# Latest OTA Update failed



## MonthlyMixCD (Aug 25, 2011)

Greetings - USCC GS3 owner here running stock w/ root and the previous OTA updates applied successfully when temp unrooted using the Voodoo Rootkeeper app... this last OTA update failed and it says to take in to USCC. Any ideas what I should do? Is there an ODIN file for the latest android update for the GS3 that I can do instead of their OTA update? Will the OTA process continue to try and update my phone if I go the ODIN route?

Thanks in advance for any advice!

MMCD


----------



## Grumpy Bastid (Dec 17, 2011)

MonthlyMixCD said:


> Greetings - USCC GS3 owner here running stock w/ root and the previous OTA updates applied successfully when temp unrooted using the Voodoo Rootkeeper app... this last OTA update failed and it says to take in to USCC. Any ideas what I should do? Is there an ODIN file for the latest android update for the GS3 that I can do instead of their OTA update?
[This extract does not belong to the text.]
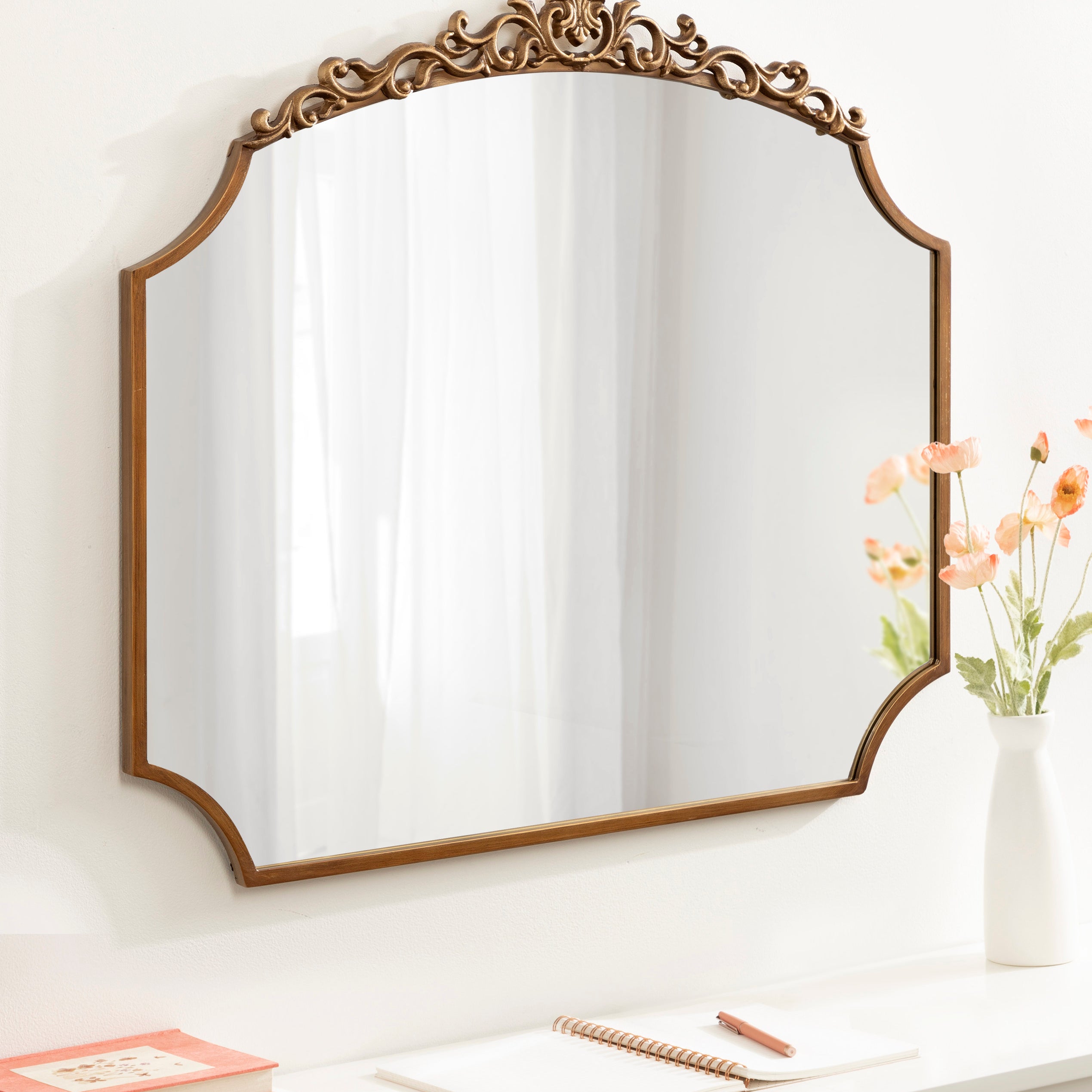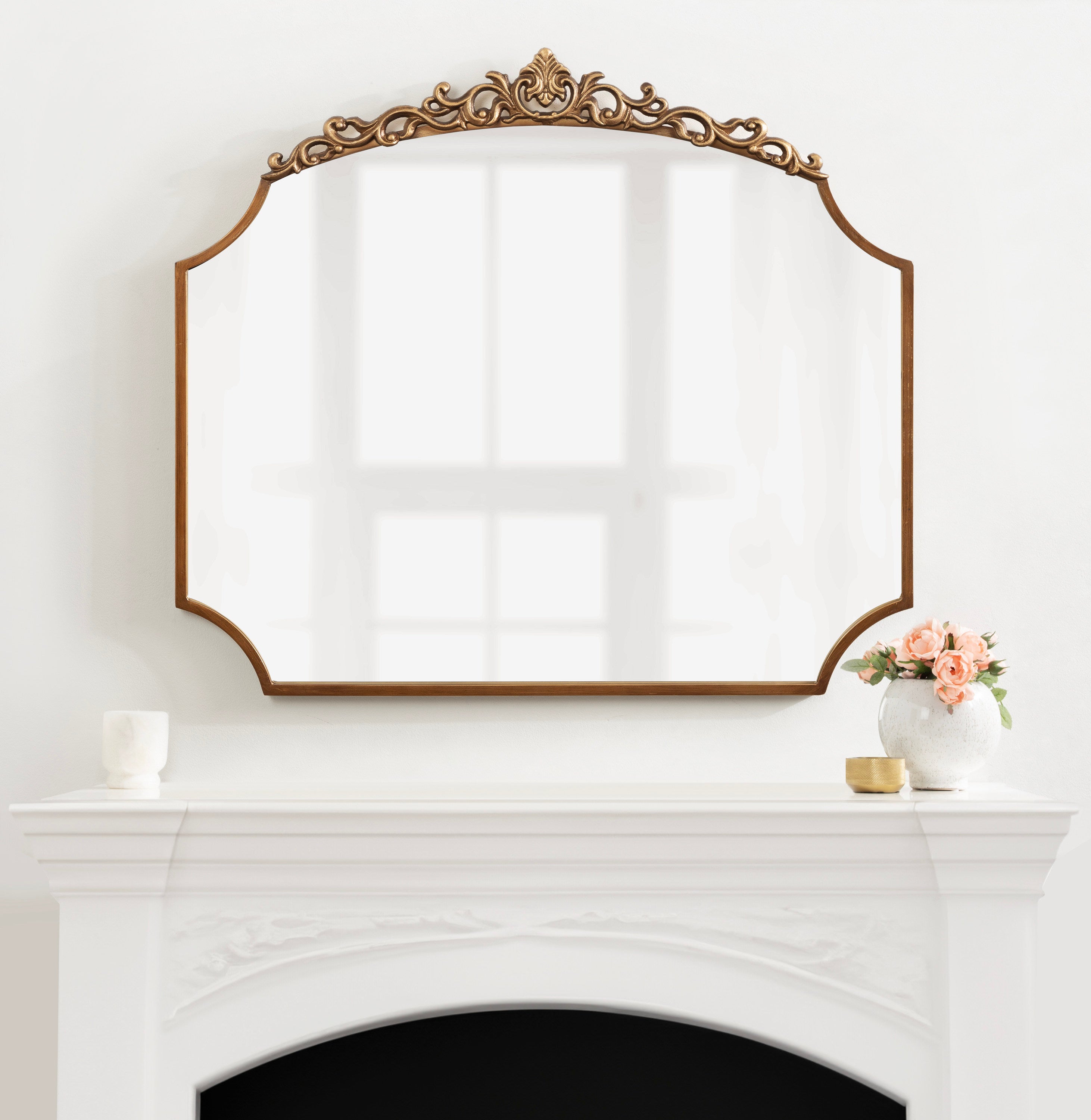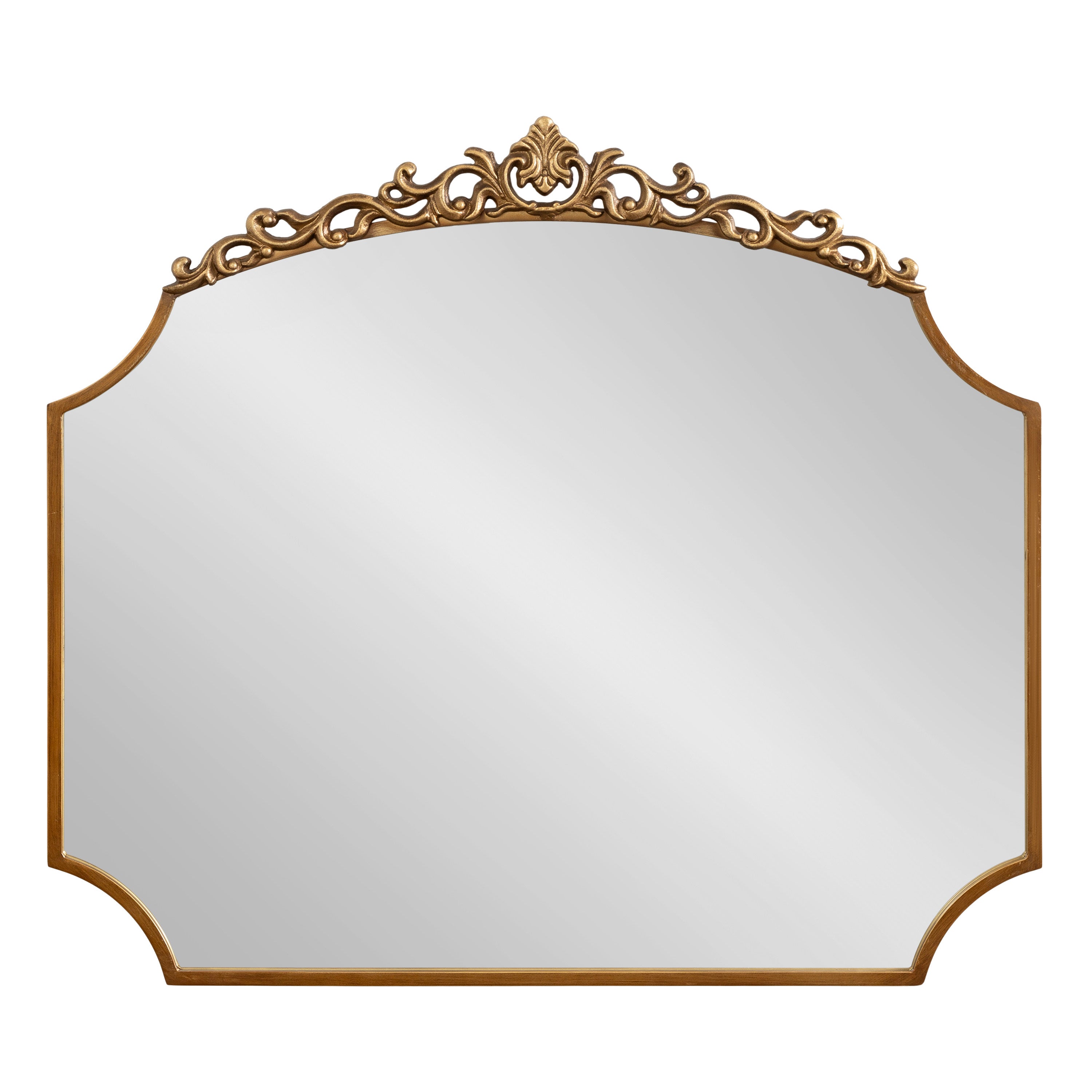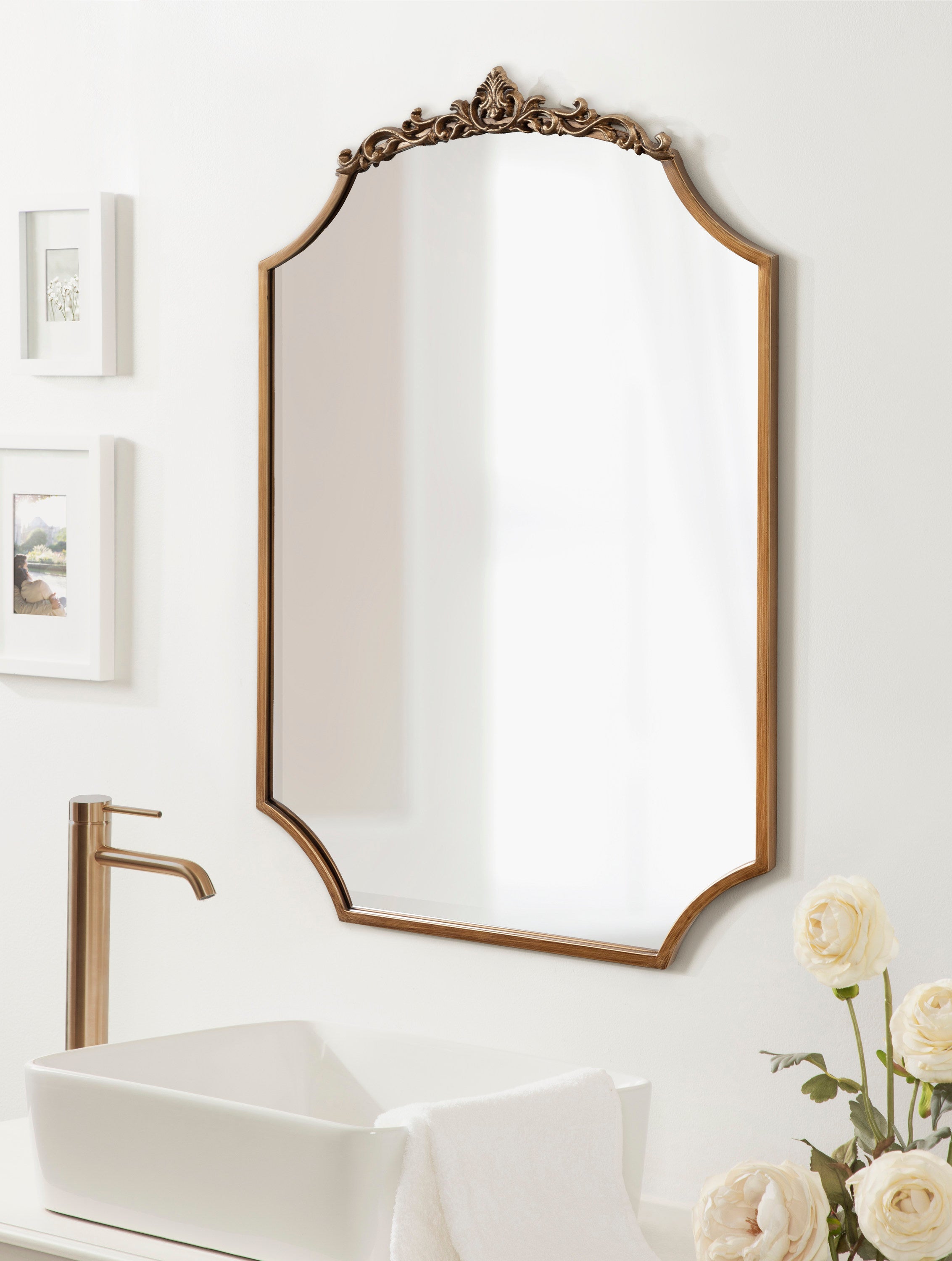 The Arendahl wall mirror is here to bring a brilliant and decadent accent to your traditional home decor. This wall mirror features a baroque-inspired design, with an ornate crown cascading down its beautiful frame. Due to its hand-finished craftsmanship, each piece may vary in appearance. Display the Arendahl mirror as a bathroom vanity mirror or a decorative focal point amongst your living room, entryway, or bedroom decor. Use this decadent wall mirror to bring dimension to your smaller spaces, opening up the area and illuminating the darker corners.

Will the OTA process continue to try and update my phone if I go the ODIN route?
> 
> Thanks in advance for any advice!
> 
> MMCD


Full ROMs for the jb update

http://teamuscellular.com/Forum/topic/3317-kies-home-r530uvxalk5-r530uusclk5-525603-rev00-user-low-shiptarmd5/#entry47127

Pre-rooted
http://teamuscellular.com/Forum/topic/3250-romstock-alk5-jb-rooted-cwm-odin/#entry46235

Sent from my SCH-R530U


----------



## zoodski (Mar 3, 2012)

Just download the simple upgrade tool from samsung. Thats how I updated mine and kept all previous settings and internal sd is still intact.

http://www.samsung.c...SCH-R530MBBUSC#

Select software, then ver.LK5


----------



## MonthlyMixCD (Aug 25, 2011)

Thanks for the help folks! I now am updated to LK5... any advice on how to get root back w/o triggering the flash counter. I need root for wifi-tether and ad-killer (among other things).


----------



## zoodski (Mar 3, 2012)

The only way I know to root again involves odin, which trips the flash counter. You can download triangle away to reset the flash counter afterwards. Mine did say modified under status afterwards though.

I have the files needed for root and triangle away apk if you can't find them.


----------